O texto também veta práticas consideradas humilhantes durante o ingresso de novos moradores. O acordo proíbe as chamadas “batalhas”, trotes degradantes e qualquer conduta que fira a dignidade humana. Os responsáveis poderão responder nas esferas criminal, civil e administrativa.

Além disso, estudantes envolvidos na organização de situações humilhantes poderão ser expulsos das repúblicas e impedidos de utilizar outras modalidades de moradia vinculadas à universidade.

Festas e hospedagem terão limitações

O acordo também estabelece novas regras para festas, eventos e hospedagem de terceiros nas moradias estudantis.
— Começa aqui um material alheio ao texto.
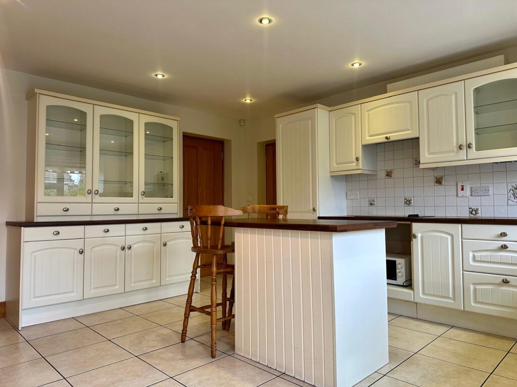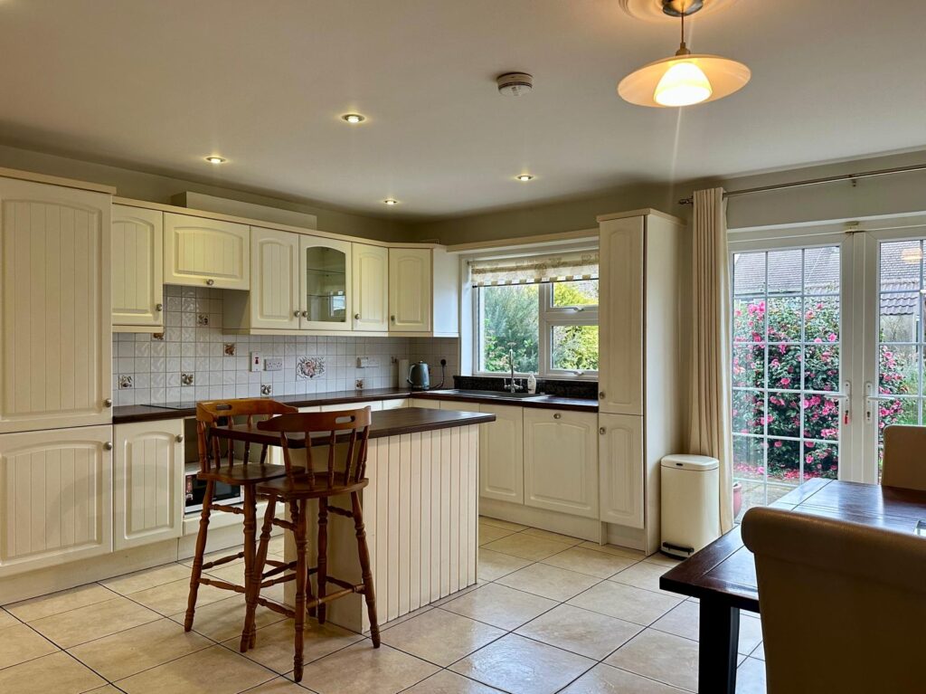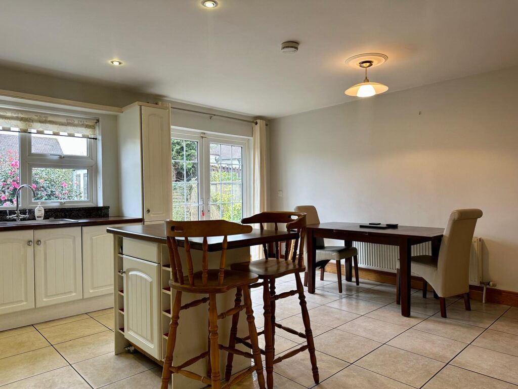 | Kitchen/Dining Area | 4.87m x 4.79m | Tiled flooring throughout, fully fitted kitchen with floor eye level cabinets, ample worktop space, island with breakfast counter space, fully fitted display and storage area, stainless steel sink and drainer, granite uprise, and granite stone windowsill under large window overlooking rear garden. Space for electric oven, Candy 4-ring electric hob under extractor fan overhead, integrated Belling fridge freezer, integrated Whirlpool dishwasher. French doors leading to patio area to long garden. Door leading to: |
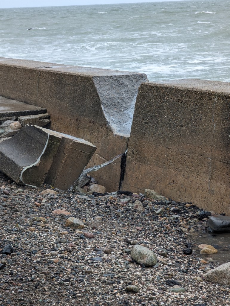 This breech is roughly 75 yards from this keyboard. The odd thing about it is the lack of rebar folded into the concrete. There is another similar breech from this tide on Oceanside Drive at the bottom of Wampatuck Ave. These were not walls that were suspect in any way. Now they are.
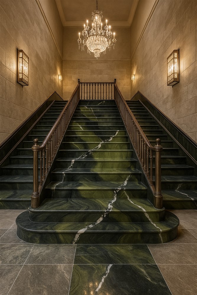 Premium exotic quartzite with deep forest green and dark charcoal waves

As repúblicas poderão realizar até cinco eventos remunerados por ano — número ampliado após reivindicação estudantil apresentada durante audiência judicial. As atividades só poderão ocorrer em imóveis que estejam em conformidade com as normas internas da UFOP.

O documento ainda proíbe:

  • locação ou sublocação das repúblicas para terceiros;
  • hospedagem remunerada por plataformas digitais;
  • utilização dos imóveis para fins alheios às atividades estudantis e acadêmicas.

A hospedagem de terceiros ficará autorizada apenas em situações ligadas a eventos acadêmicos ou culturais com participação institucional da universidade.

Cadastro e inventário patrimonial

Pelas novas regras, a UFOP deverá manter cadastro atualizado dos moradores de todas as repúblicas federais e divulgar em seu site oficial a quantidade de vagas disponíveis em cada imóvel.

A universidade também terá de realizar, em até cinco anos, um inventário patrimonial completo das repúblicas. O levantamento deverá incluir fotografias dos imóveis, estado de conservação, capacidade máxima de moradores, relação de bens públicos existentes nas casas e adequação das denominações das repúblicas às normas aplicáveis.

O acordo ainda determina a criação de um setor específico dentro da UFOP para acompanhamento e fiscalização das atividades das repúblicas federais.